*** Data to use ***

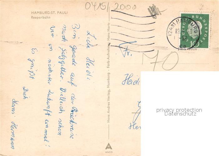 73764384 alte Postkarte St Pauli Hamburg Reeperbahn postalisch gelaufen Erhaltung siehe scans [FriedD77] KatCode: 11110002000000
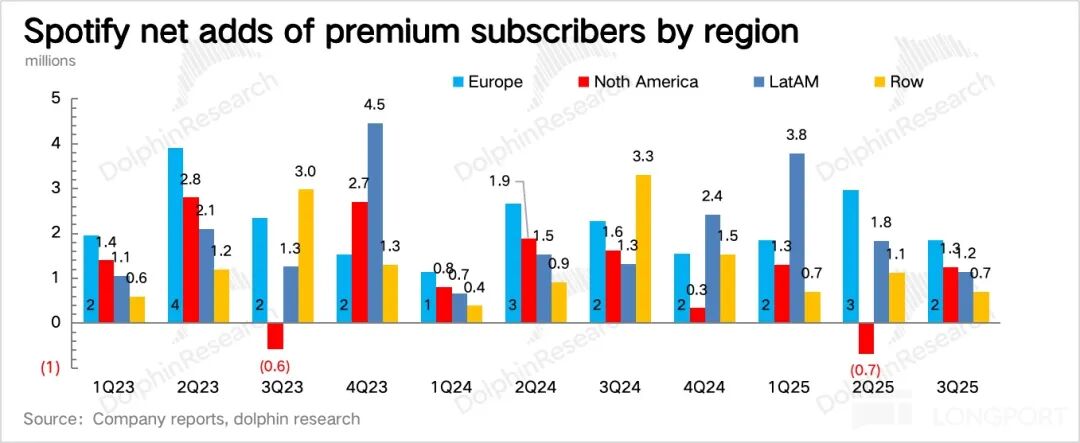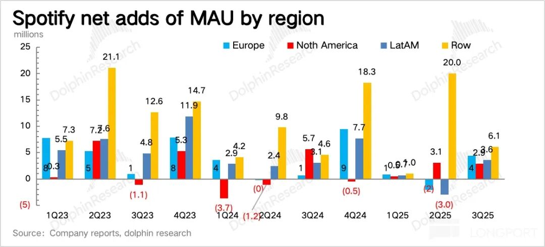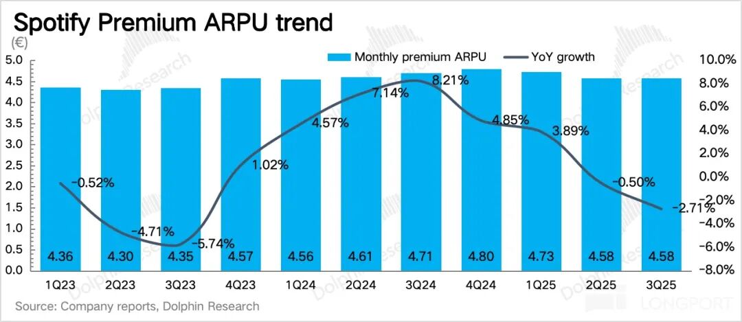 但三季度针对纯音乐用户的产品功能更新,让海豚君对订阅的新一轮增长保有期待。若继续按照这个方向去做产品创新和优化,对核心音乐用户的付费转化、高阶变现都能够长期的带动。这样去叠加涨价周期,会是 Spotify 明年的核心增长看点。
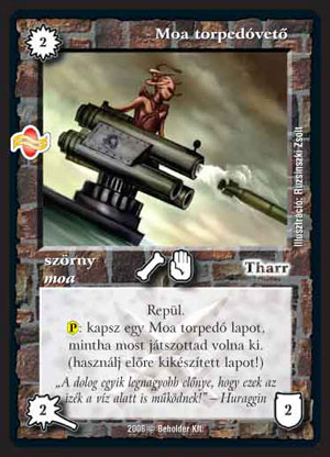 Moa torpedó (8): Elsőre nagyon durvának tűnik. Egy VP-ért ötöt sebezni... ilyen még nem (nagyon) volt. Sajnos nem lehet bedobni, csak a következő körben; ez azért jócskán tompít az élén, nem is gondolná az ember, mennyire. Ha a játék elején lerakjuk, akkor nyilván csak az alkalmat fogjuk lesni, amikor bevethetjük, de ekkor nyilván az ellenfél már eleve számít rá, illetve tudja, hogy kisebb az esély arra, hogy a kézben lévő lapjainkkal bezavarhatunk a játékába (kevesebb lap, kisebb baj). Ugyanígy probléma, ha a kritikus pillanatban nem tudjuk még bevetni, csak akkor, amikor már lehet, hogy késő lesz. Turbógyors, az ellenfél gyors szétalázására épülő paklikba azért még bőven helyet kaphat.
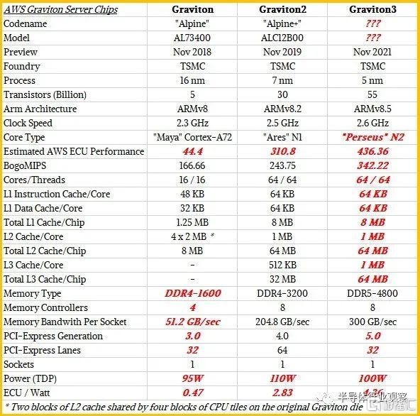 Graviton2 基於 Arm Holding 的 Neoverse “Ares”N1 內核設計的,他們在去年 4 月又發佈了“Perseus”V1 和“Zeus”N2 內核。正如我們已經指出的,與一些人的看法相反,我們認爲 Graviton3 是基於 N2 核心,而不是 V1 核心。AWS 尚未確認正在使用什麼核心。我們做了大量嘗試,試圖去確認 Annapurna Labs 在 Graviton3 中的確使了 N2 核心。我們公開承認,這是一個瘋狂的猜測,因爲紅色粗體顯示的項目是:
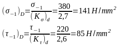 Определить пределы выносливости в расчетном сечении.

*** End of Data to use ***

§ Exercise prompt
Repeat the preceding records exactly but drop the images.

§ Response to this exercise
 73764384 alte Postkarte St Pauli Hamburg Reeperbahn postalisch gelaufen Erhaltung siehe scans [FriedD77] KatCode: 11110002000000
 但三季度针对纯音乐用户的产品功能更新,让海豚君对订阅的新一轮增长保有期待。若继续按照这个方向去做产品创新和优化,对核心音乐用户的付费转化、高阶变现都能够长期的带动。这样去叠加涨价周期,会是 Spotify 明年的核心增长看点。
 Moa torpedó (8): Elsőre nagyon durvának tűnik. Egy VP-ért ötöt sebezni... ilyen még nem (nagyon) volt. Sajnos nem lehet bedobni, csak a következő körben; ez azért jócskán tompít az élén, nem is gondolná az ember, mennyire. Ha a játék elején lerakjuk, akkor nyilván csak az alkalmat fogjuk lesni, amikor bevethetjük, de ekkor nyilván az ellenfél már eleve számít rá, illetve tudja, hogy kisebb az esély arra, hogy a kézben lévő lapjainkkal bezavarhatunk a játékába (kevesebb lap, kisebb baj). Ugyanígy probléma, ha a kritikus pillanatban nem tudjuk még bevetni, csak akkor, amikor már lehet, hogy késő lesz. Turbógyors, az ellenfél gyors szétalázására épülő paklikba azért még bőven helyet kaphat.
 Graviton2 基於 Arm Holding 的 Neoverse “Ares”N1 內核設計的,他們在去年 4 月又發佈了“Perseus”V1 和“Zeus”N2 內核。正如我們已經指出的,與一些人的看法相反,我們認爲 Graviton3 是基於 N2 核心,而不是 V1 核心。AWS 尚未確認正在使用什麼核心。我們做了大量嘗試,試圖去確認 Annapurna Labs 在 Graviton3 中的確使了 N2 核心。我們公開承認,這是一個瘋狂的猜測,因爲紅色粗體顯示的項目是:
 Определить пределы выносливости в расчетном сечении.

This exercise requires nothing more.